This feeling is interesting, and very new. During the Baby Boom, people married young (women at 22 or 23) and had kids young, not as a "capstone" to a developed life.
Do you have any insight into why you feel that way?
Not the OP you're replying to, but a parent nonetheless.
From basically the very moment you realize you're having a kid you essentially become the #2 person in your own life. Its more so for the mother, but even the father likely needs to do some maturing in preparation to being a good dad.
If you're hoping to be a good parent you need to start weighing every decision on a basis of where it leads to. There's simple things like affordability: deciding to make smarter financial decisions because you're going to be supporting another human for the next couple decades at least. There's more complex things like suddenly seeing your own health as a liability and needing to straighten yourself out if you want to set a good example. Things get way easier if your life has structure honestly. Having good habits about food prep, cleaning, chores makes things way easier and bad habits really make life more difficult than it needs to be.
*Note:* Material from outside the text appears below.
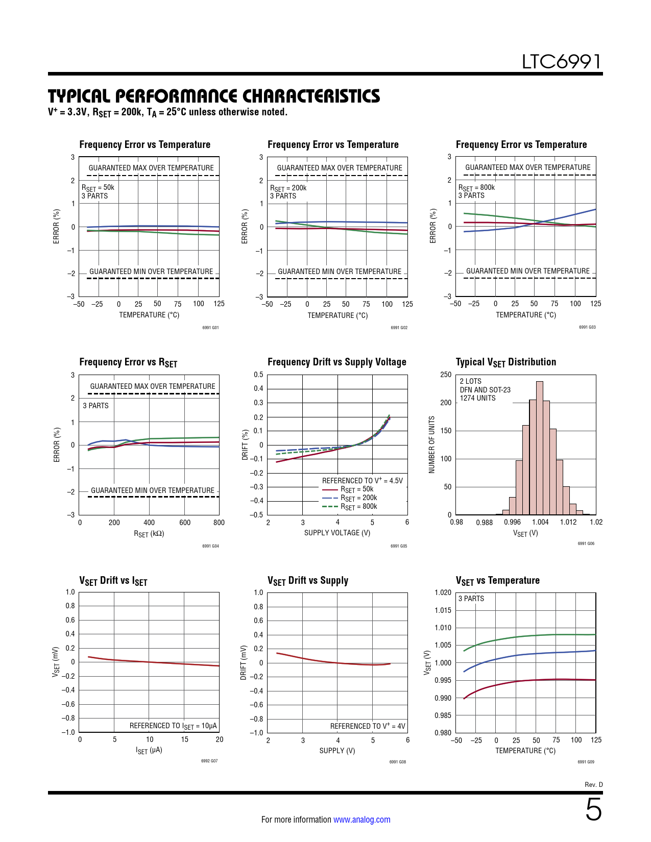 LTC6991 TYPICAL PERFORMANCE CHARACTERISTICSV+ = 3.3V, RSET = 200k, TA = 25°C unless otherwise noted.Frequency Error vs TemperatureFrequency Error vs TemperatureFrequency Error vs Temperature 3 3 3 GUARANTEED MAX OVER TEMPERATURE GUARANTEED MAX OVER TEMPERATURE GUARANTEED MAX OVER TEMPERATURE 2 2 2 RSET = 50k RSET = 200k RSET = 800k 3 PARTS 3 PARTS 3 PARTS 1 1 1 0 0 0 ERROR (%) ERROR (%) ERROR (%) –1 –1 –1 –2 GUARANTEED MIN OVER TEMPERATURE –2 GUARANTEED MIN OVER TEMPERATURE –2 GUARANTEED MIN OVER TEMPERATURE –3 –3 –3 –50 –25 0 25 50 75 100 125 –50 –25 0 25 50 75 100 125 –50 –25 0 25 50 75 100 125 TEMPERATURE (°C) TEMPERATURE (°C) TEMPERATURE (°C) 6991 G01 6991 G02 6991 G03 Frequency Error vs RSETFrequency Drift vs Supply VoltageTypical VSET Distribution 3 0.5 250 2 LOTS GUARANTEED MAX OVER TEMPERATURE 0.4 DFN AND SOT-23 2 0.3 200 1274 UNITS 3 PARTS 0.2 1 0.1 150 0 0 ERROR (%) DRIFT (%) –0.1 100 –1 NUMBER OF UNITS –0.2 REFERENCED TO V+ = 4.5V –0.3 50 –2 GUARANTEED MIN OVER TEMPERATURE RSET = 50k –0.4 RSET = 200k RSET = 800k –3 –0.5 0 0 200 400 600 800 2 3 4 5 6 0.98 0.988 0.996 1.004 1.012 1.02 R SUPPLY VOLTAGE (V) V SET (kΩ) SET (V) 6991 G06 6991 G04 6991 G05 VSET Drift vs ISETVSET Drift vs SupplyVSET vs Temperature 1.0 1.0 1.020 3 PARTS 0.8 0.8 1.015 0.6 0.6 1.010 0.4 0.4 0.2 0.2 1.005 (mV) 0 0 (V) 1.000 V SET –0.2 V SET DRIFT (mV) –0.2 0.995 –0.4 –0.4 0.990 –0.6 –0.6 –0.8 –0.8 0.985 REFERENCED TO ISET = 10µA REFERENCED TO V+ = 4V –1.0 –1.0 0.980 0 5 10 15 20 2 3 4 5 6 –50 –25 0 25 50 75 100 125 ISET (µA) SUPPLY (V) TEMPERATURE (°C) 6992 G07 6991 G08 6991 G09 Rev. D For more information www.analog.com 5 Document Outline Features Applications Typical Application Description Absolute Maximum Ratings Pin Configuration Order Information Electrical Characteristics Typical Performance Characteristics Pin Functions Block Diagram Operation Applications Information Typical Applications Package Description Revision History Typical Application Related Parts

You also need to adapt quickly. You realize that you don't define your schedule any longer. Whether you sleep at night is up to the kid. As they grow from baby to toddler you start to see how the fundamental things like routine have impacted your child and you can begin to make connections to how you did things 6 months ago impacts how things are going now. Self reflection is huge, knowing how your emotions, your reactions, your behavior is a template this person learns from humbles you.
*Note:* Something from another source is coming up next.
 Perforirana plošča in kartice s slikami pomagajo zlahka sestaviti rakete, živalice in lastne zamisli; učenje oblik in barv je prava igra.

I think that's the new value system that leads to having children being such a burden. There are sooo many expectations of parents that they spend all their time fulfilling those without questioning any of them.
I always knew my dad was a good dad but only once I had a kid did I really understand how much he had quietly and willing given up because he loved me. More and more each day I understand him better and continue gaining an appreciation for all that he has done for me. All of this thanks to my daughter making me / giving me the chance to see life from the other side.
So that sounds like: in the past there were well defined templates for how to live your life, and people followed them; but now you have to make up your own, continuously figuring things out for yourself, and that is harder to do and needs more maturity.
Do you have any insight into why you feel that way?